Microarchitectural Data Sampling

The Microarchitectural Data Sampling (MDS) vulnerabilities are a set of weaknesses in Intel x86 microprocessors that use hyper-threading, and leak data across protection boundaries that are architecturally supposed to be secure. The attacks exploiting the vulnerabilities have been labeled Fallout, RIDL (Rogue In-Flight Data Load), ZombieLoad.,[2][3][4] and ZombieLoad 2.[5]
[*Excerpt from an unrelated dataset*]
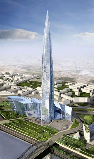 Рис. 1. Многофункциональный высотный комплекс Лахта Центр. Высота – 462 м, Площадь – 5550 кв.м, нормативная нагрузка от Башни – 501 000 т, расчетная нагрузка от Башни – 672 000 т, максимальная глубина изысканий – 150 м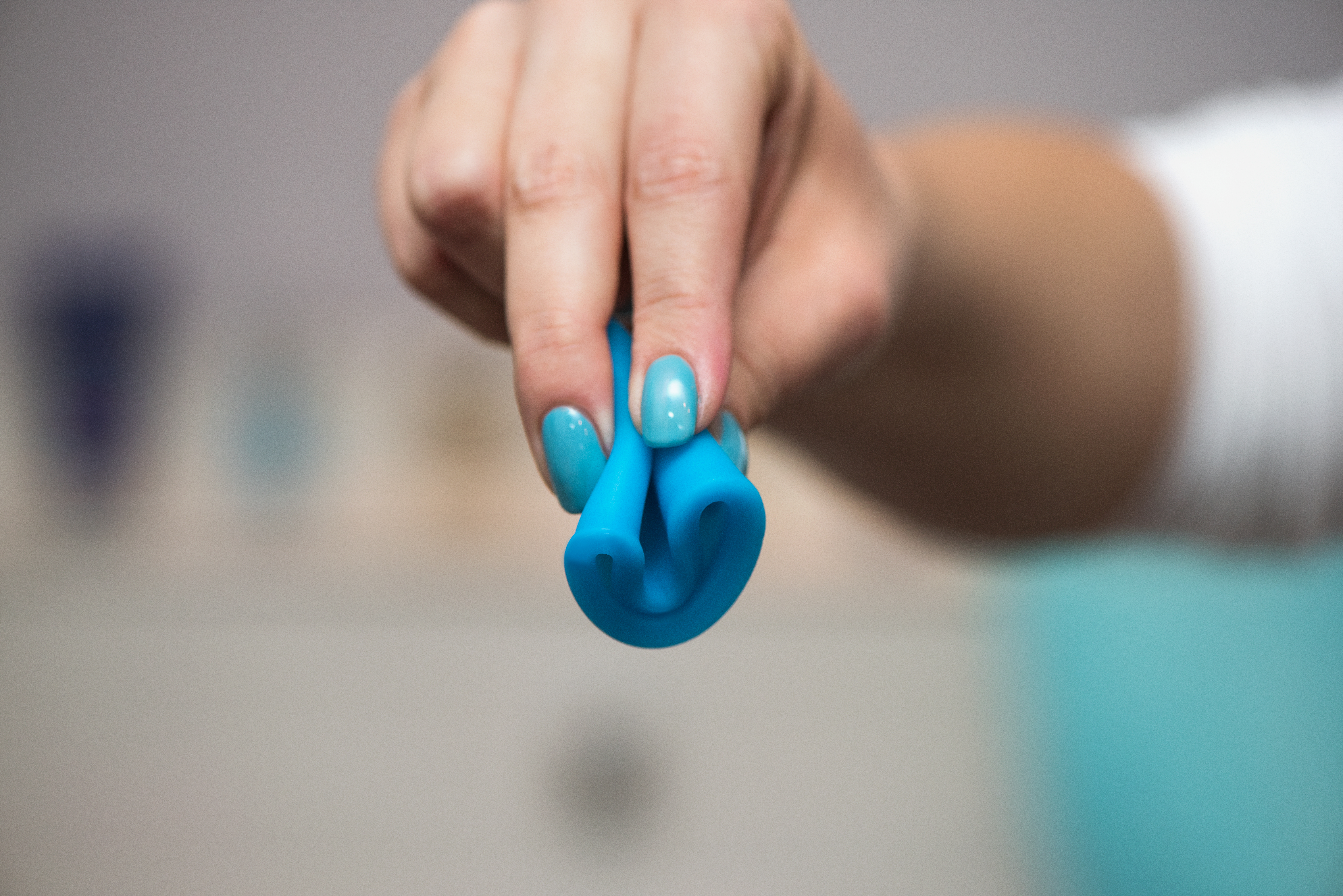 Size A für leichtere Blutungen und Menschen mit einem eher kurzen Vaginalkanal. Hier ist das Silikon etwas fester gearbeitet.

Microarchitectural Data Sampling
Logo designed for the vulnerabilities, featuring a wounded hand holding a broken microprocessor.
CVE identifier(s)CVE-2018-12126 (Fallout),
CVE-2018-12127 (RIDL),
CVE-2019-11091 (RIDL, ZombieLoad),
CVE-2018-12130 (RIDL, ZombieLoad),
CVE-2019-11135 (ZombieLoad v2)
Date discovered2018[1]
Date patched14 May 2019
DiscovererAustralia University of Adelaide
Austria Graz University of Technology
Belgium Catholic University of Leuven
China Qihoo 360
Germany Cyberus Technology
Germany Saarland University
Netherlands Vrije Universiteit Amsterdam
Romania Bitdefender
United States Oracle Corporation
United States University of Michigan
United States Worcester Polytechnic Institute[1]
Affected hardwarePre-April 2019 Intel x86 microprocessors
Websitemdsattacks.com ZombieLoadAttack.com

Description

The vulnerabilities are in the implementation of speculative execution, which is where the processor tries to guess what instructions may be needed next. They exploit the possibility of reading data buffers found between different parts of the processor.[1][2][6][7]
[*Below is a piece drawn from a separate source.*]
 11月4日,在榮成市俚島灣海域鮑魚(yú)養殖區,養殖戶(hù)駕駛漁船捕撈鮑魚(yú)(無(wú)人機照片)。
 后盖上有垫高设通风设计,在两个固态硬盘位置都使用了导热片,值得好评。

  • Microarchitectural Store Buffer Data Sampling (MSBDS), CVE-2018-12126
  • Microarchitectural Load Port Data Sampling (MLPDS), CVE-2018-12127
  • Microarchitectural Fill Buffer Data Sampling (MFBDS), CVE-2018-12130
  • Microarchitectural Data Sampling Uncacheable Memory (MDSUM), CVE-2019-11091
  • Transactional Asynchronous Abort (TAA), CVE-2019-11135

Not all processors are affected by all variants of MDS.[8]

History

According to Intel in a May 2019 interview with Wired, Intel's researchers discovered the vulnerabilities in 2018 before anyone else.[1] Other researchers had agreed to keep the exploit confidential as well since 2018.[9]

On 14 May 2019, various groups of security researchers, amongst others from Austria's Graz University of Technology, Belgium's Catholic University of Leuven, and Netherlands' Vrije Universiteit Amsterdam, in a disclosure coordinated with Intel, published the discovery of the MDS vulnerabilities in Intel microprocessors, which they named Fallout, RIDL and ZombieLoad.[1][6] Three of the TU Graz researchers were from the group who had discovered Meltdown and Spectre the year before.[1]
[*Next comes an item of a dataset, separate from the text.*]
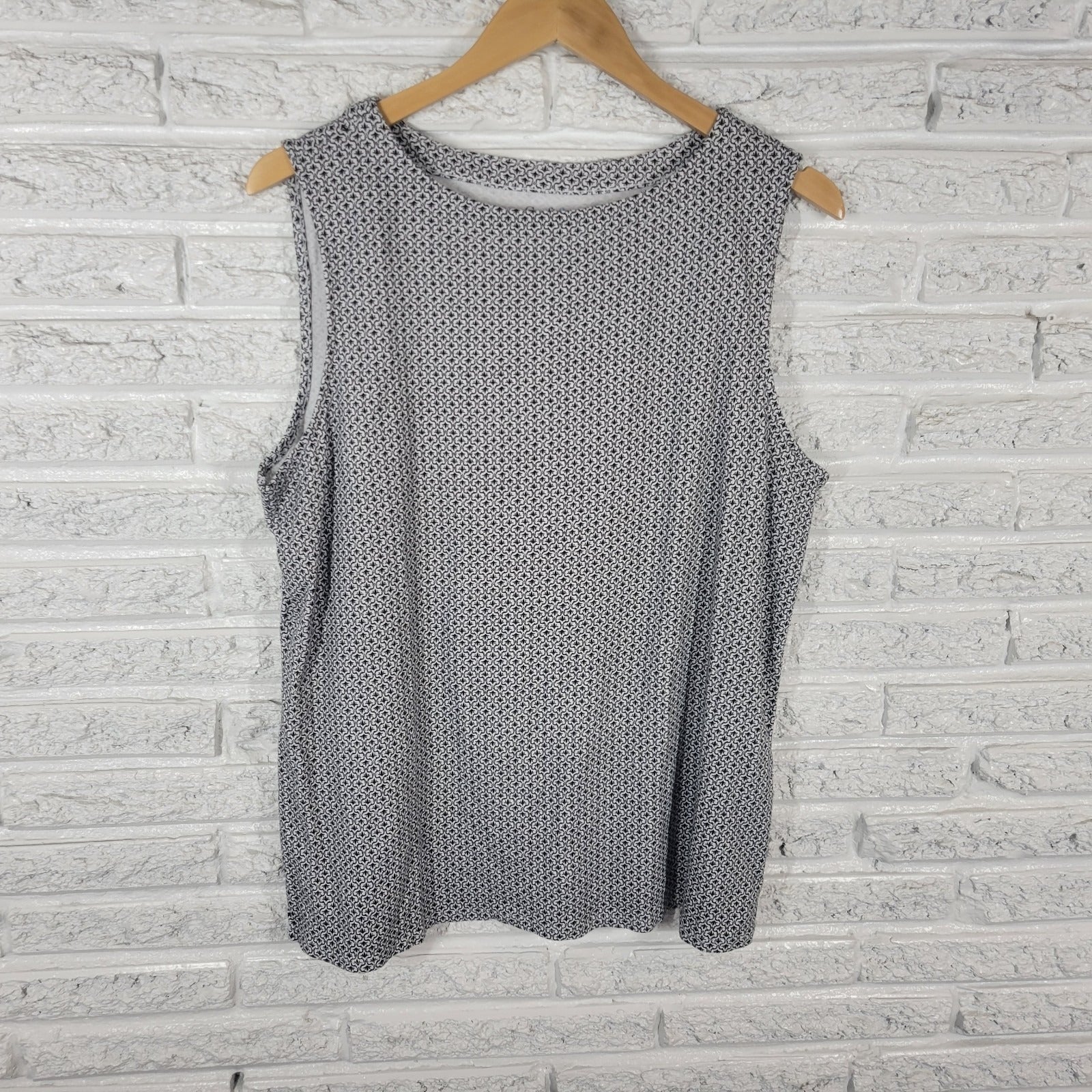 Croft Barrow Womens Top XXL Plus Tank Classic Black Geometric Cotton Lightweight

On 12 November 2019, a new variant of the ZombieLoad attack, called Transactional Asynchronous Abort, was disclosed.[10][11]

Impact

According to varying reports, Intel processors dating back to 2011[12] or 2008[1] are affected, and the fixes may be associated with a performance drop.[13][14] Intel reported that processors manufactured in the month before the disclosure have mitigations against the attacks.[1]

Intel characterized the vulnerabilities as "low-to-medium" impact, disagreeing with the security researchers who characterized them as major, and disagreeing with their recommendation that operating system software manufacturers should completely disable hyperthreading.[1][15] Nevertheless, the ZombieLoad vulnerability can be used by hackers exploiting the vulnerability to steal information recently accessed by the affected microprocessor.[16]

Mitigation

Fixes to operating systems, virtualization mechanisms, web browsers and microcode are necessary.[1] As of 14 May 2019, applying available updates on an affected PC system was the most that could be done to mitigate the issues.[17]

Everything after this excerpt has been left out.